# DATA SUPPLIED
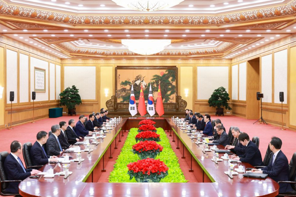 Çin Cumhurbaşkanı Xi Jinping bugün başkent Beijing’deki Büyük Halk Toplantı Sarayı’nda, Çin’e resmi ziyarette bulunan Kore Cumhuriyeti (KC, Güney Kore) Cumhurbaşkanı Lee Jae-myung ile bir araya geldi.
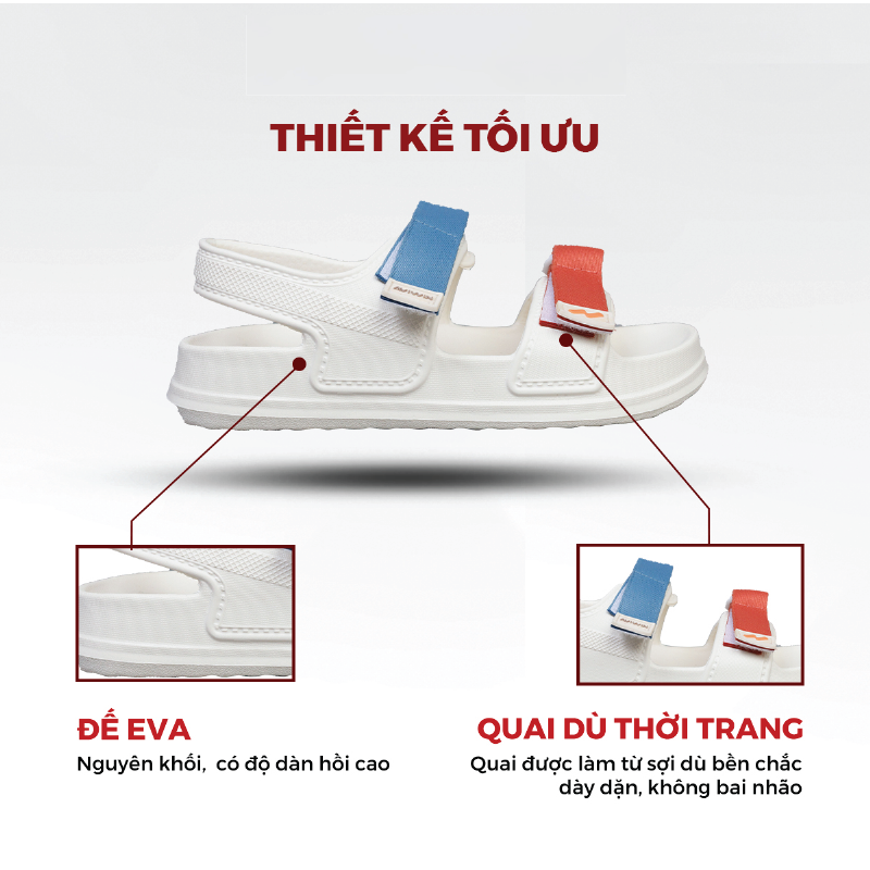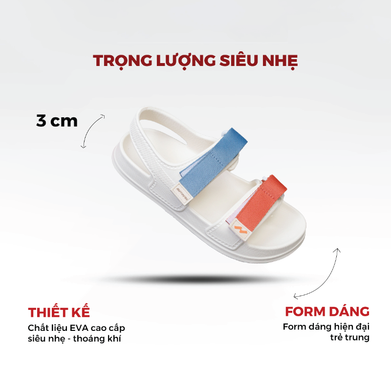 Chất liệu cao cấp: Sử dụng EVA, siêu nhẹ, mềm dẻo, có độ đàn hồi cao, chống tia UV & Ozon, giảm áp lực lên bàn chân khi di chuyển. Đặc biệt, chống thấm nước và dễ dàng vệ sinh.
---
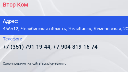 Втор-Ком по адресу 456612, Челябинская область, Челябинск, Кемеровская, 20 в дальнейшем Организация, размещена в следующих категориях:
...
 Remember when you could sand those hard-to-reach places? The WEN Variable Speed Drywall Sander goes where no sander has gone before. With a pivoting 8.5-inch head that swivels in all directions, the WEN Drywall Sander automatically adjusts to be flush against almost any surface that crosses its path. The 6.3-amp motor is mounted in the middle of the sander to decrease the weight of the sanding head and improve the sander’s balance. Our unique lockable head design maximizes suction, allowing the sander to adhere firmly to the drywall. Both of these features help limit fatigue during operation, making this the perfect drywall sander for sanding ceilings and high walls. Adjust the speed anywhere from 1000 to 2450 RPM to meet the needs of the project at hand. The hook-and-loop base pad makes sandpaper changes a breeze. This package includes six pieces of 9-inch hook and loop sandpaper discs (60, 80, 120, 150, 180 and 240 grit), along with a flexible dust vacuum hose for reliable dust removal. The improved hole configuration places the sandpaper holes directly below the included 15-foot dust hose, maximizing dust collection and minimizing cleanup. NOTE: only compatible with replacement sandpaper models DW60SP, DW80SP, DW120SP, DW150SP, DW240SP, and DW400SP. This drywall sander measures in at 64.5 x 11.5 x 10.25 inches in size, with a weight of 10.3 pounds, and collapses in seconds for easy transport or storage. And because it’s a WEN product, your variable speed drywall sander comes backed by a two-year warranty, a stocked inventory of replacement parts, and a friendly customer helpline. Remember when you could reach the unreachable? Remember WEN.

# TASK PROMPT
Exact copy, pictures excluded: every line above from the one containing "Çin Cumhurbaşkanı Xi" to the one containing "Chất liệu cao", inclusive, and nothing more.

# RESULT OF THE TASK
 Çin Cumhurbaşkanı Xi Jinping bugün başkent Beijing’deki Büyük Halk Toplantı Sarayı’nda, Çin’e resmi ziyarette bulunan Kore Cumhuriyeti (KC, Güney Kore) Cumhurbaşkanı Lee Jae-myung ile bir araya geldi.
 Chất liệu cao cấp: Sử dụng EVA, siêu nhẹ, mềm dẻo, có độ đàn hồi cao, chống tia UV & Ozon, giảm áp lực lên bàn chân khi di chuyển. Đặc biệt, chống thấm nước và dễ dàng vệ sinh.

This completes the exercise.